• The Return of a Political Anecdote: Ten Jokes About Vladimir Putin’s Russia

    This is the first of “Provocations,” a LARB series produced in conjunction with “What Cannot Be Said: Freedom of Expression in a Changing World” a conference cosponsored by UCI, USC, and UCLA (January 22 -24, 2016). All contributors are also participants in the conference.

    All oppressed societies express themselves through street humor. In the Soviet Union, jokes about General Secretaries of the Communist Party—Nikita Khrushchev, Leonid Brezhnev, etc.—were whispered in the kitchen. In fact, evenings around the table would be dedicated to thrashing the authorities through humor. Satire enabled people to overcome their fear of the controlling government. “If we can make fun of the Kremlin, the Kremlin doesn’t have power over us,” they reasoned. It is a well-known societal phenomenon: when accessible political space shrinks, unofficial social space expands. After the collapse of communism and Russia’s attempts to become democratic, political anecdotes almost disappeared as part of the country’s cultural life. But under President Vladimir Putin, political humor has been back with a vengeance.

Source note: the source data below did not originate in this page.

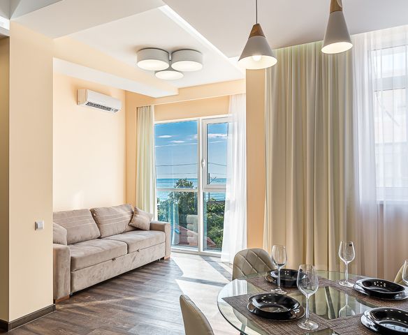 Сдается на длительный срок-до лета (май включительно). БЕЗ КОМИССИИ! Квартира с балконом и чудесным видом на море! 1. Полностью укомплектована всем необходимым для комфортного пребывания: двуспальная кровать, двуспальный раскладной диван, шкаф для одежды. 2. Выделенная обеденная зона и оборудованная кухня: холодильник, встраиваемая варочная панель, вытяжка, микроволновая печь, чайник, посуда, столовые приборы. 3. Электроника и оборудование: смарт-телевизор, быстрый стабильный WI-FI, сплит-система, стиральная машина, фен, утюг, гладильная доска, сушилка для белья. 4. Совмещенный сан-узел: ванна, туалет, гигиенический душ. 5. В стоимость проживания входит: комплект белого постельного белья и полотенец. Преимущества района с развитой инфраструктурой: - До лучших городских пляжей с прозрачной водой - 300м. - Рядом расположены столовые, кафе, рестораны, кофейня/кондитерская (Корица), розничные магазины Магнит, Пятерочка - 300м. - До автобусной остановки - 100м. - До ж/д станции Мамайка - 200м. - До центра Сочи (ЖД вокзал) на авто/такси 10 мин.
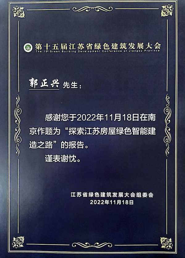 11月17日,第十五届江苏省绿色建筑发展大会在南京召开,土木与交通工程学院院长郭正兴教授代表开云kaiyun官方网站参加本次大会并作专题报告。
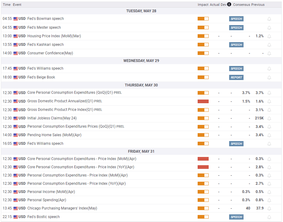 It's yet another holiday-shortened week, as the US and the UK traders will be away on Monday, enjoying their Memorial Day and Spring Bank Day long weekend, respectively.
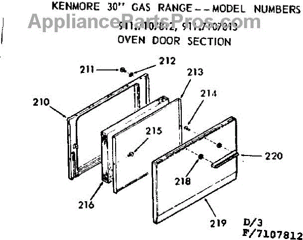 Parts for Kenmore 911.7107813 (9117107813, 911 7107813): Oven Door Section Parts
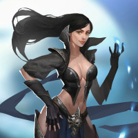 dark hair and is wearing a black outfit with what appears to be armor pieces, such as a chest plate and gloves. The character also has a scarf or cape that seems to have a blue color with
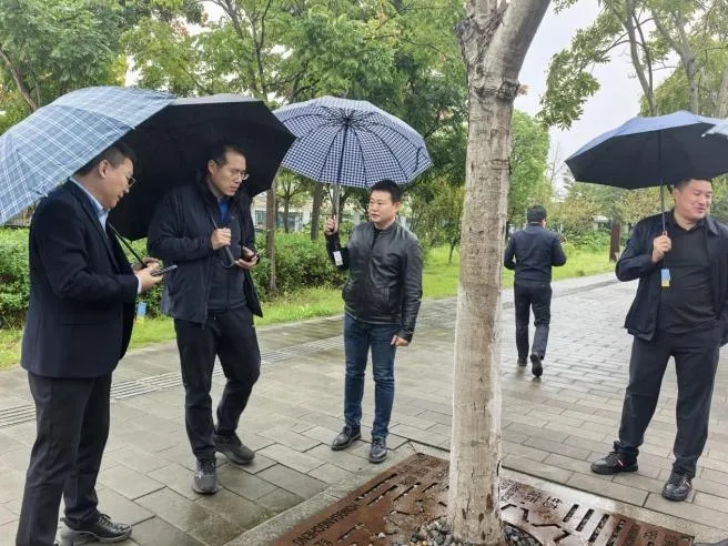 在紅鋼城大街,考察組對(duì)工業(yè)風(fēng)街道家具、銹蝕鋼板打造的特色樹穴蓋板與路緣石、以及公交站臺(tái)無障礙設(shè)施及帶狀排水溝的人性化設(shè)計(jì)高度肯定;來到和平大道,考察組對(duì)特色路緣石、造型路燈與林蔭綠化充分贊賞,強(qiáng)調(diào)街道設(shè)施需與周邊環(huán)境深度融合;在新建成的右岸大道南延段,考察組肯定道路鋪裝、檢查井、雨水口的建設(shè)品質(zhì),著重強(qiáng)調(diào)精細(xì)化施工對(duì)工程質(zhì)量的關(guān)鍵作用;走進(jìn)中山大道,考察組對(duì) “公交優(yōu)先、還綠于民” 的建設(shè)理念高度認(rèn)同,指出武漢與雄安在街道空間一體化設(shè)計(jì)領(lǐng)域有諸多共通點(diǎn),具備廣闊的互學(xué)互鑒空間。考察全程,武漢市政院團(tuán)隊(duì)詳細(xì)介紹了各項(xiàng)目的設(shè)計(jì)思路與建設(shè)歷程。
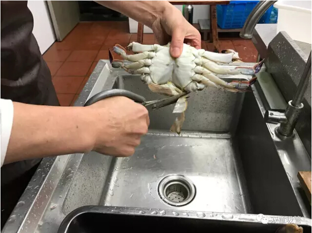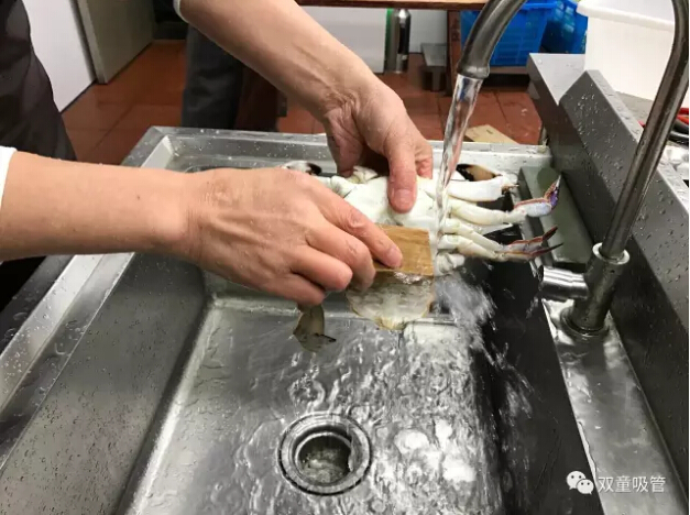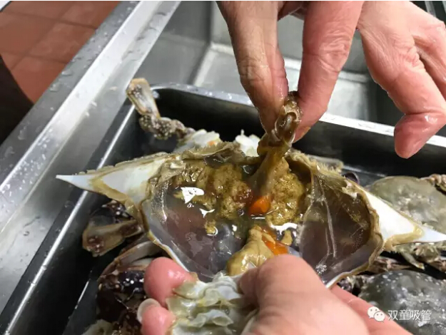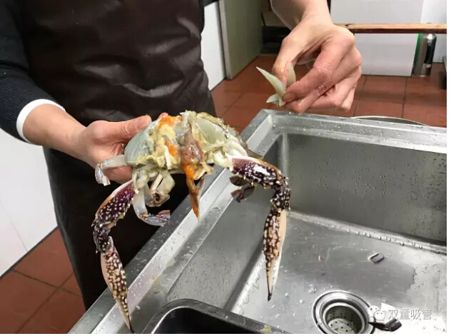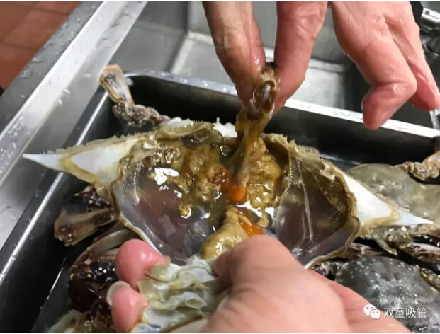 十二、取出砂囊后將蟹身兩側(cè)的蟹鰓(看上去像魚(yú)鰓)用手工拔除干凈,如果蟹鰓底部有烏黑砂子,千萬(wàn)不要用清水沖洗,用干凈牙刷局部清洗一下就可以了。

    1. Russia’s biggest HR problem is that Vladimir Putin gives management jobs to his most loyal associates, but then expects them to act with intelligence and competence.
    2. While visiting Crimea recently, Putin threatened Ukraine with a shared Russian future.
    3. Putin finished his dinner, wiped his lips with a crisp linen napkin, and ordered, “Burn the rest.”
    4. I lived during Brezhnev, during Gorbachev and during Yeltsin. Putin is the only leader for whom I have been asked to eat less.
    5. The West shouldn’t have worried that Putin would bring back the USSR; at the recent Shanghai Cooperation Organization summit it turned out that he has been rebuilding Genghis Khan’s 12th century empire.
    6. At the business forum in Saint Petersburg Putin called on investors to invest in Russian businesses.

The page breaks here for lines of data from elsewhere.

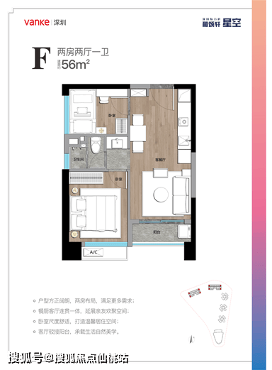约56㎡产品:两房布局,全明空间,户型方正实用,餐厨客厅连贯一体,客厅接驳阳台;
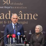 Kültür ve Turizm Bakanı Mehmet Nuri Ersoy, Ankara Resim ve Heykel Müzesi’nde açılan ‘50. Yılında, Fuat Başar’a Armağan Fuadname Hat ve Ebru Sergisi’nin açılışına katıldı. Ersoy, sergi alanını gezerek eserleri inceledi ve eserlerin sahibi Fuat Başar’dan çalışmalar hakkında bilgi aldı. Hat ve ebru sanatının geleneksel Türk sanatları içerisindeki önemine dikkat çeken Ersoy, bu tür sergilerin kültürel mirasın yaşatılması ve gelecek nesillere aktarılması açısından büyük değer taşıdığını ifade etti. Sergide yer alan eserlerin, klasik hat sanatının zarafetini ve ebru sanatının estetik derinliğini yansıttığını dile getiren Ersoy, Fuat Başar’ı bu eserler için tebrik etti. Fuat Başar’ın 50 yıllık bilgi birikimini, hat ve ebru sanatına yansıttığını vurgulayan Ersoy, bu eserlerin sanat dünyasına geniş bir pencere sunduğunu sözlerine ekledi.
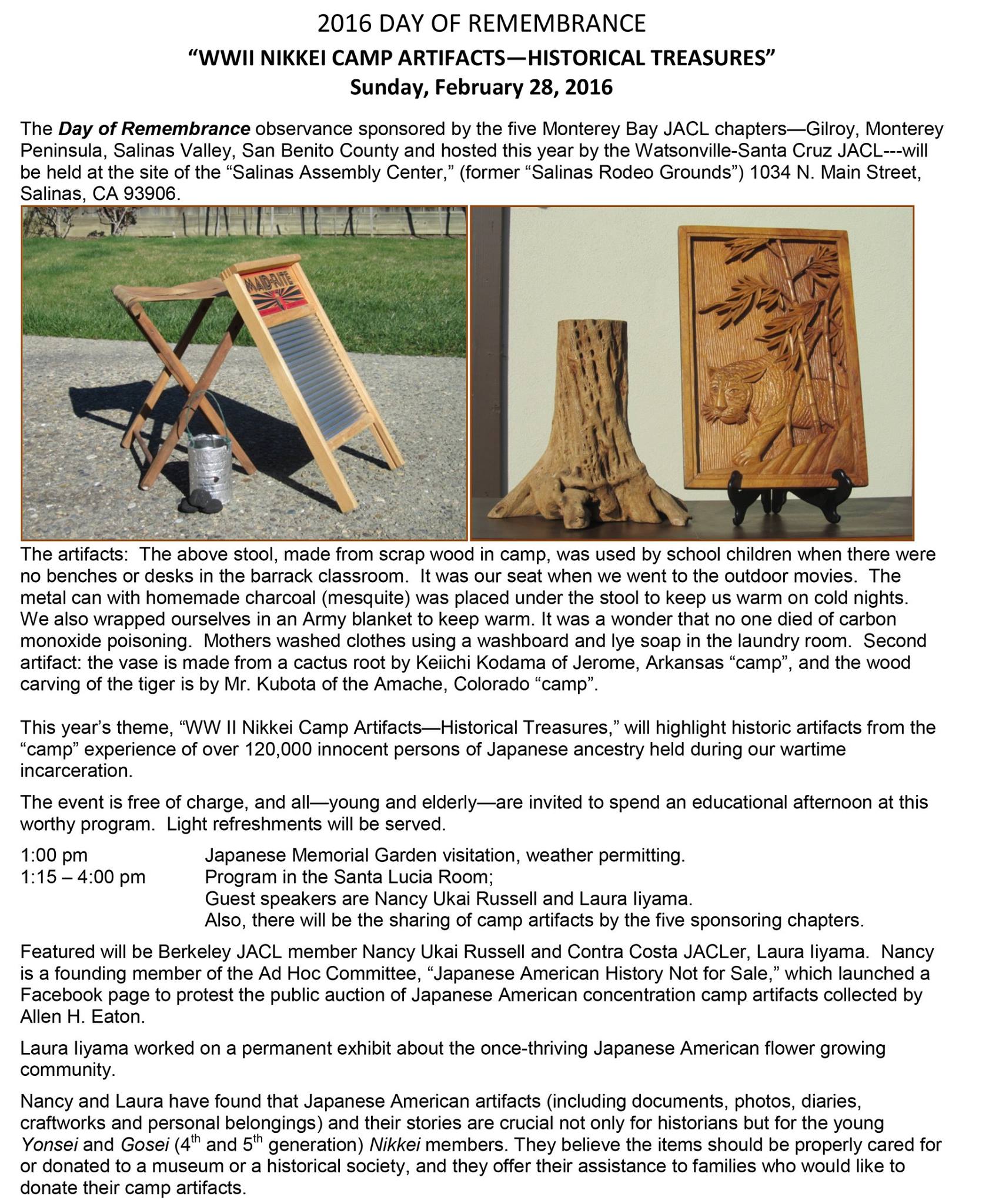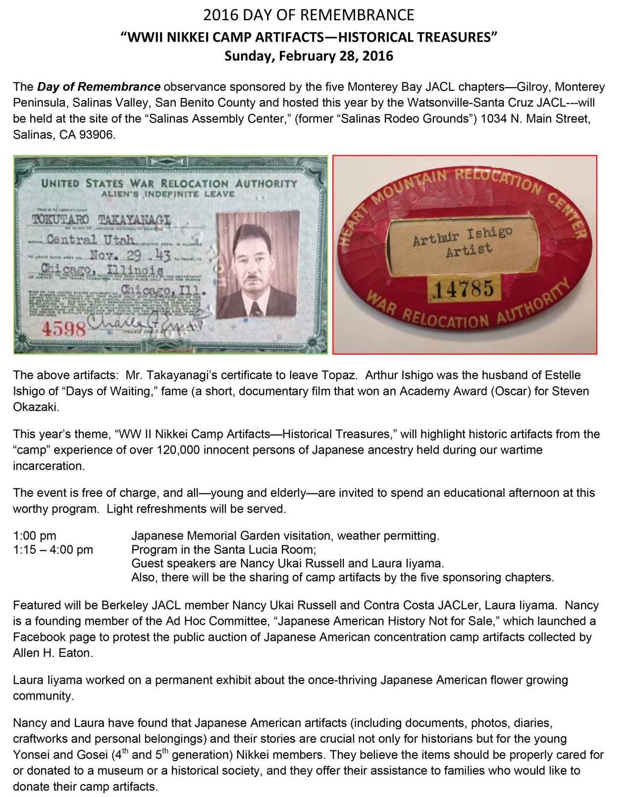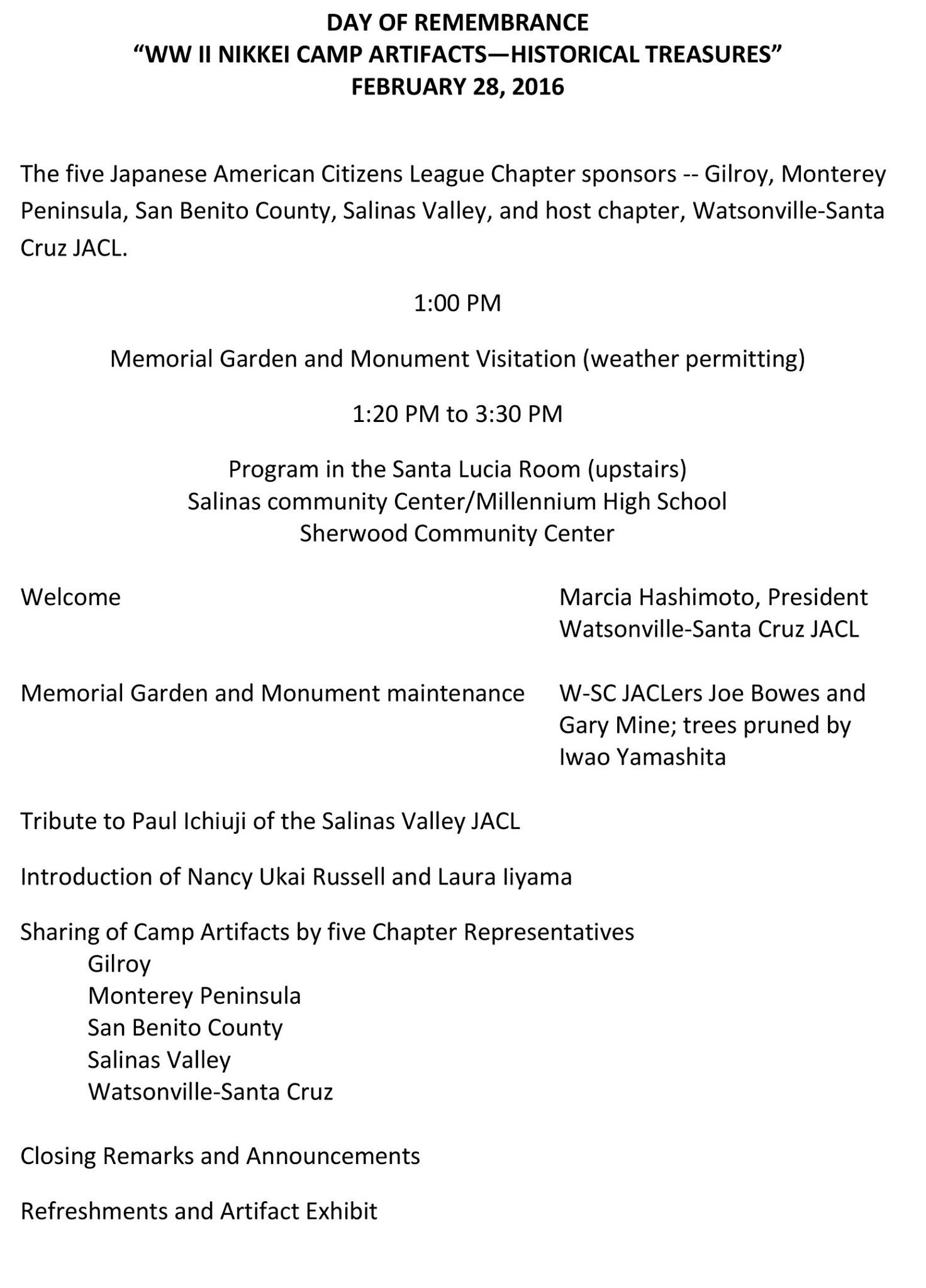 Day of Remembrance event in Salinas hosted by Watsonville-Santa Cruz JACL

    –And how is a Russian business different from a regular business?

    –It’s the same reason why Russian roulette and regular roulette are different.

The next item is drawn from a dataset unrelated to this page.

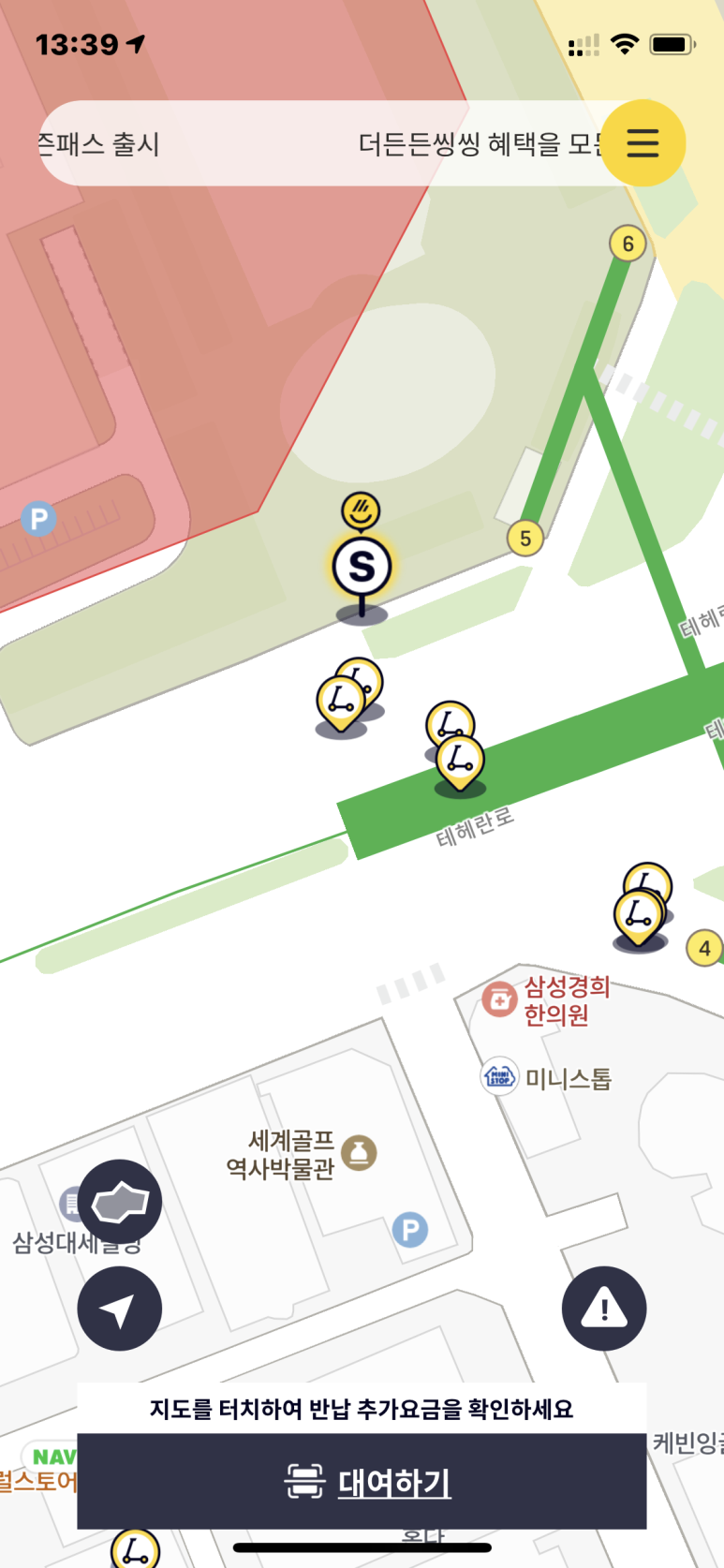 현재 씽씽 서비스 가능한 지역입니다

    1. The Kremlin warned that if the West further expands the sanctions, it will further increase Putin’s ratings.
    2. When you are Putin, your Russia is flourishing.
    3. The Russian Society of the Blind announced that they see no alternative to Putin.
    4. The West—although angry, hypocritical, cunning and hateful of Russia—must have a kind soul; otherwise why would all of our political functionaries and apparatchiks keep their children abroad?

     

    Nina Khrushcheva is Professor of International Affairs and Associate Dean for Academic Affairs of Milano School of International Affairs, Management, and Urban Policy at New School University in New York.  She is the author of Imagining Nabokov: Russia Between Art and Politics (Yale UP, 2008) and The Lost Khrushchev: A Journey Into the Gulag of the Russian Mind (Tate, 2014). She will participate in the  panel “Freedom of Expression in Repressive Conditions.”